Let's consider an example of using such FU's for implementation of the part of algorithm (Fig. 5). In this implementation, we use next flags:

- Flag(0), for which a logic function HFormat\_correct is assigned (it is set to one if the Header Format is correct);
- Flag(1), for which a logic function PAddr\_correct is assigned (it is set to one if the Address of the packet is correct);
- Flag(2), for which a logic function PKey\_correct is assigned (it is set to one if the Key field of the packet header has allowable value);
- Flag(3), for which a logic function HCRC\_correct is assigned (it is set to one if the Header CRC is correct);

• Flag(4), for which a logic function Read\_command is assigned (it is set to one if the received command is Write Command).

The Packet Header is correct when (Flag(0) = '1') & (Flag(1)='1') & (Flag(2)='1') & (Flag(3)='1').

We denote inputs of the Control unit (state machine) as in(i). For implementation of considered part of algorithm we will use in(0), in(1). When its values are "X0" (in(1) may have any value, in(0)=0) the state machine should pass to Deletion\_state. When its values are '11', the state mashine should pass to Read\_state. When its values are '01', the state mashine should pass to Write\_state.

We use FU with PLA structure for calculation values for these inputs. The next function is implemented with PLA: in(0)= (Flag(0) = '1') & (Flag(1)='1') & (Flag(2)='1') & (Flag(3)='1'). We do not need PLA for in(i) calculation (in(1)=Flag(4)).

We use this PLA based FU for implementation of other function in other part of considered algorithm. (This part is represented in Fig. 6). The state machine may pass from the Packet\_command\_state to Packet\_header\_CRC\_state or to Idle state dependently on the next received data word. If the End of Packet (EP) received, the state machine goes to Reset\_state. (EP is not expected symbol here and the received part of packet should be discarded.) If Data symbol is received the state machine pass to Packet\_header\_CRC\_state. If nothing received, the state machine stays in Packet\_command\_state. The primary inputs and outputs of reconfigurable controller (data\_in, valid\_in, ready out) are used for calculation of these conditions.

Nothing\_received = (valid\_in='0') U (ready\_out='0')
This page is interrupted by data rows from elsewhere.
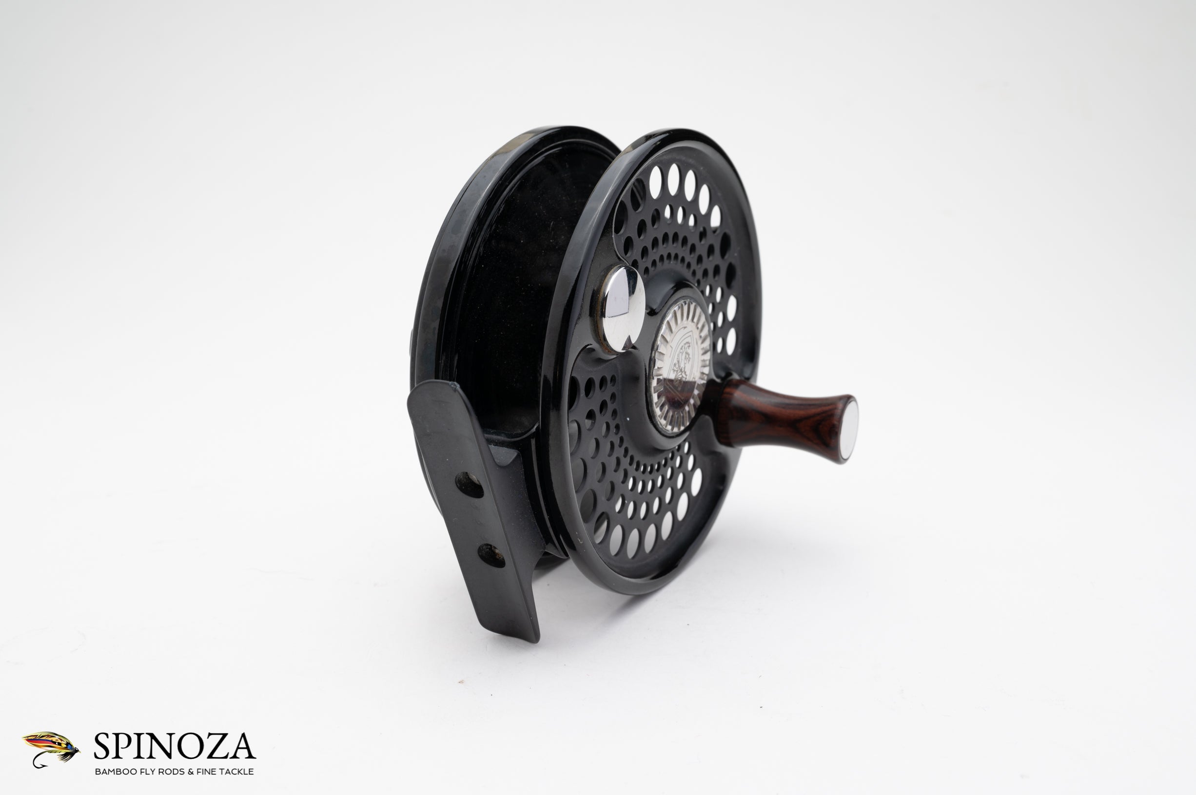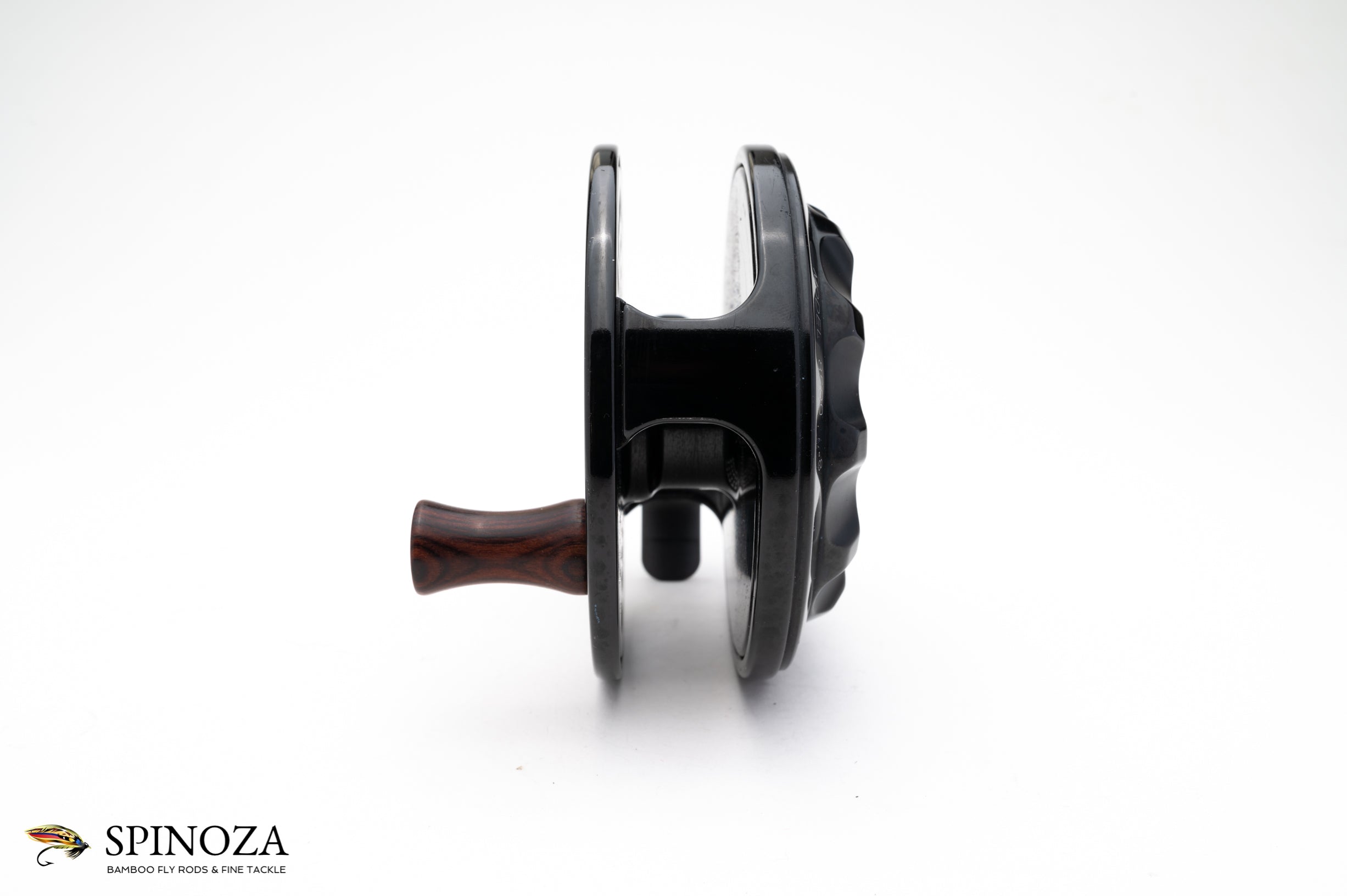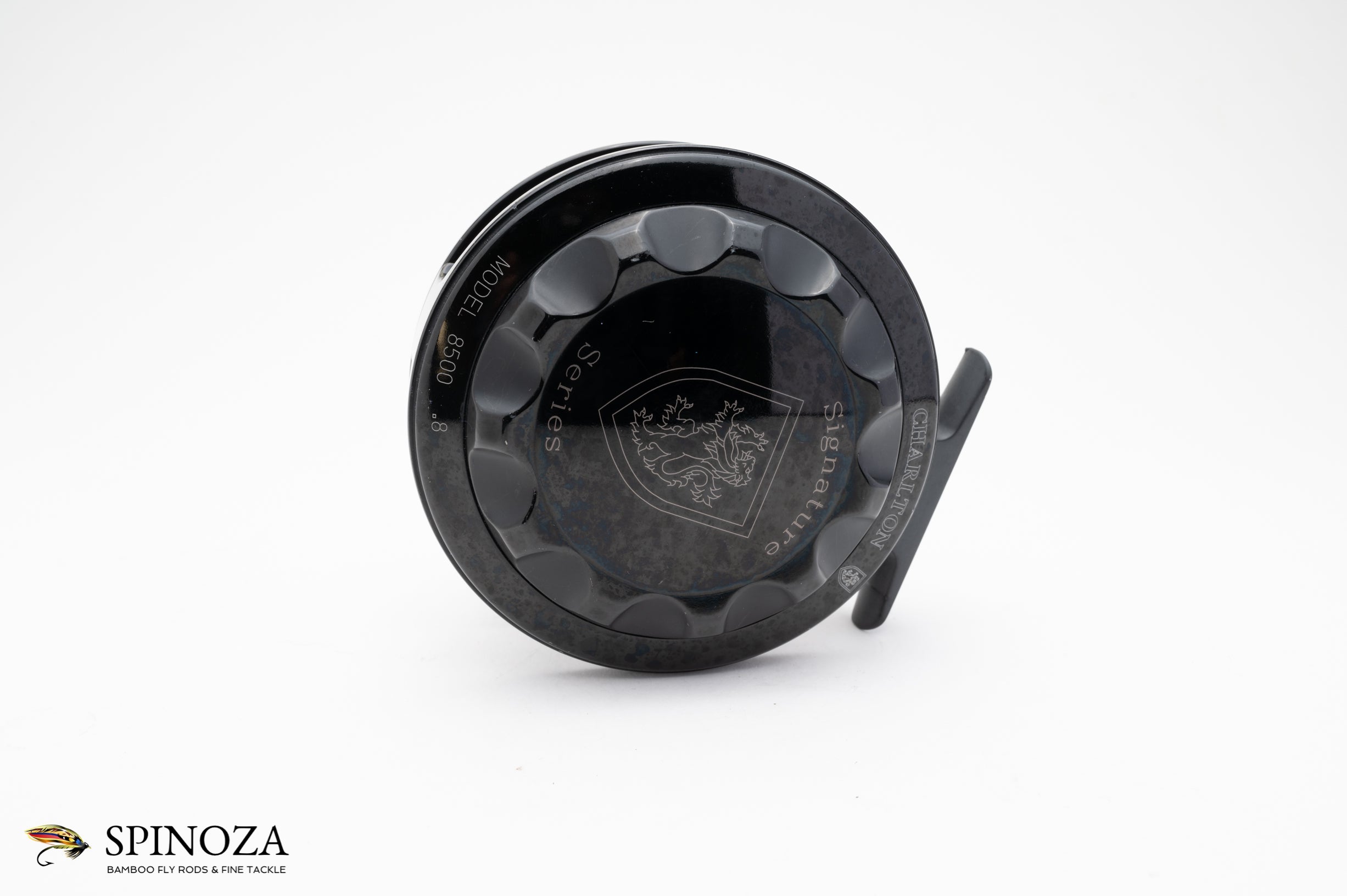 An excellent Charlton 8500 Signature Series 0.8 fly reel in LHW. Excellent used condition with some very minor rubbing in one area on the rims and some handling marks on the outer part of the knob and counterbalance. There is also a slight bit of cosmetic splotchiness to the finish from saltwater exposure, though rather minor. Serial number SS10382. The 0.8 spool can fit a WF8+150 30# or a WF10+160 20#. Meticulously coated with a high-polished, deep black Type III anodized finish with matte reliefs. Fully machined from high-grade aluminum and steel. Has a sealed, self-adjusting carbon fiber disk drag which includes over 9-square inches of surface area and boasts five oversized aerospace precision bearings. A large arbor design gives the angler over 1 foot of line retrieve per revolution. No bag.
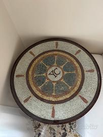 Tavolino effetto legno in ferro battuto con mosaico ricoperto la vetro. Mosaico fatto a mano in cemento. Perfetto sia per interno che esterno. Ritiro presso domicilio Pagamento in contanti
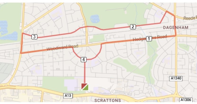 Left out of Castle Green along Gale St > Right Arden Cres > Right Hedgemans Rd > Left Heathway > Left Parsloes Avenue > Left Spurling Rd > Right Ivyhouse Rd > Across to Rugby Rd > Left Lodge Ave > Right Woodward Rd > Right Arden Cres > Right Gale St > back to Castle Green. And rest!

EP\_received = Data\_in(8) (in this example Data\_in(8) is using for signing data or EP word)

In this case in(0)= Nothing\_received. Corresponding function is implemented with PLA based FU. In(1) is equal EP received.

When its values are "X1" (in(1) may have any value, in(0)=1) the state machine stays in Packet\_command\_state. When values are "00" the state machine goes to state Packet\_header\_CRC\_state. When values are "10" the state machine goes to state Reset\_state.

These examples illustrate using the same FU for calculation of different conditions, and illustrate multiplexing of inputs of state machine.

To determine the whole set of FUs that should be included in DataPath, we have analysed the algorithms corresponding to modern transport layer protocols. Despite the fact that the protocols may vary greatly, they include a limited set of actions that are performed during the processing and generation of the packet's header and body, generation and processing of various internal events (e.g. timeouts). In most cases, this set includes operations of comparison (=, <, >), shifts, arithmetic operations (+,-,\*), CRC count, count of different events. Therefore, DataPath should include standard set of components for performing arithmetic and logical operations (e.g. ALUS) and

special components (CRC counters, special components for calculation the values of conditions).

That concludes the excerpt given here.